The analysis of the Federal Reserve’s interest rate policy and the performance of the US stock market cannot be summarized in a few words. There are numerous and complex factors to consider, but no matter how analyzed, the negative impact of economic recession on the US stock market is obvious from limited historical data. In the current context where Bitcoin is increasingly linked to the traditional financial world, a series of policy movements by the Federal Reserve will naturally impact it.
Here, we first present our viewpoint that the market will experience both trading declines and accounting price cuts due to Bitcoin’s speculative and value-storage characteristics.
How should we understand this? The crypto market is susceptible to changes in liquidity. When the expectation of a global economic recession increases or unstable factors intensify, especially in the early stages of this economic shift, investors’ risk appetite will decrease. High-risk assets such as Bitcoin are prone to selling and falling, and even with long-term support such as ETFs, the market will briefly decline to price this panic in real-time. The collapse in March 2020 occurred at a time when COVID-19 was raging and global stock markets were plunging, which is quite similar to the current situation.
Source: glassnode
On the contrary, when the Federal Reserve cuts interest rates and releases water, market liquidity increases, and more funds overflow into high-risk, high-return, and high-vision assets such as Bitcoin, thereby driving its price up.

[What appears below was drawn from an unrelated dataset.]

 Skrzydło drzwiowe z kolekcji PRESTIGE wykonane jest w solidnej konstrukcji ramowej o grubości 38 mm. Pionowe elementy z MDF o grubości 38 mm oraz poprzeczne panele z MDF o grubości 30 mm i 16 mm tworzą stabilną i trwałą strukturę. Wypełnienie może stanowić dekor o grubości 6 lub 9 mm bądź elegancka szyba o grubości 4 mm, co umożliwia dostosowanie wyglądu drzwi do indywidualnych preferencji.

The bull market in the crypto market from 2020 to 2021 was due to the abundant funds brought about by the unlimited QE at that time, and this bull market also benefited from the influx of traditional funds brought about by the adoption of Bitcoin and Ethereum ETFs.

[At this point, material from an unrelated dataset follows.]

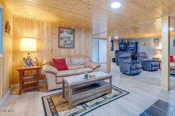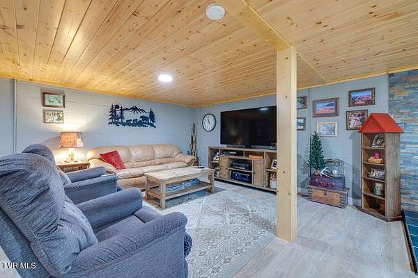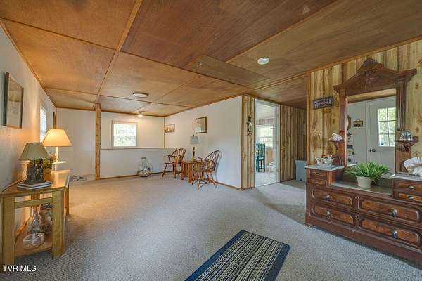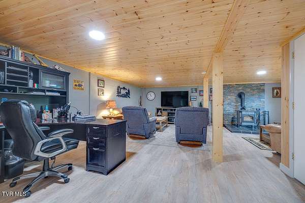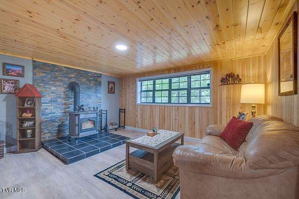 Welcome to your own private retreat on 18.3 acres with approximately 856 feet backing directly to the Cherokee National Forest, giving you protected views and unmatched privacy with no future development behind you. Tucked away in nature, this property offers the perfect balance of seclusion and convenience, just minutes from Johnson City, Jonesborough, Greeneville, and Erwin. Enjoy low Greenbelt taxes, a peaceful stocked pond with catfish, bass, and panfish, abundant wildlife, and a variety of fruit trees right outside your door. A circular driveway welcomes you home and enhances both convenience and curb appeal. The main level offers three comfortable bedrooms and two full baths, including a remodeled hall bath with double sinks and a walk in shower, and a primary suite with its own seated shower. The kitchen is beautifully finished with granite countertops and whitewashed hickory cabinets, creating a warm and inviting space for gatherings that leads to a bright sunroom with removable windows that can be enjoyed year round. Downstairs features a cozy wood burning stove in the family room with tongue and groove ceilings, a large flex space for crafts or hobbies, the laundry area, and a new stand up deep freezer. The walk out basement adds functionality and versatility. The detached two car garage offers 768 square feet unfinished, with an additional 768 square feet above, ideal for guest quarters, a mother in law suite, or studio space. If that is not enough, there is also a separate one car detached garage workshop with power, a wood stove for heating, and ample outlets. Major updates include a new metal roof on the garage in 2024, new hot water heater, updated PEX plumbing, and a four year old HVAC system under warranty. Whether you are looking to homestead, hike directly into the Cherokee National Forest, hunt, ride four wheelers, fish your own stocked pond, or simply unwind in your private escape, this property offers endless possibilities for a lifestyle rooted in both comfort and nature. Buyer to verify all information.

Looking at the current market situation, BTC’s performance in August and September over the past 14 years has usually been poor, but the fourth quarter often saw excellent performance. Under the expectation of the first interest rate cut starting in September, the market situation may fluctuate and accumulate momentum.
In the long run, although the crypto market has experienced sharp drops such as 312, 94, 519, and the recent 85 drop driven by the economic recession, these drops often quickly release panic and lead to more positive price discoveries as market acceptance increases, infrastructure improves, and investor confidence strengthens.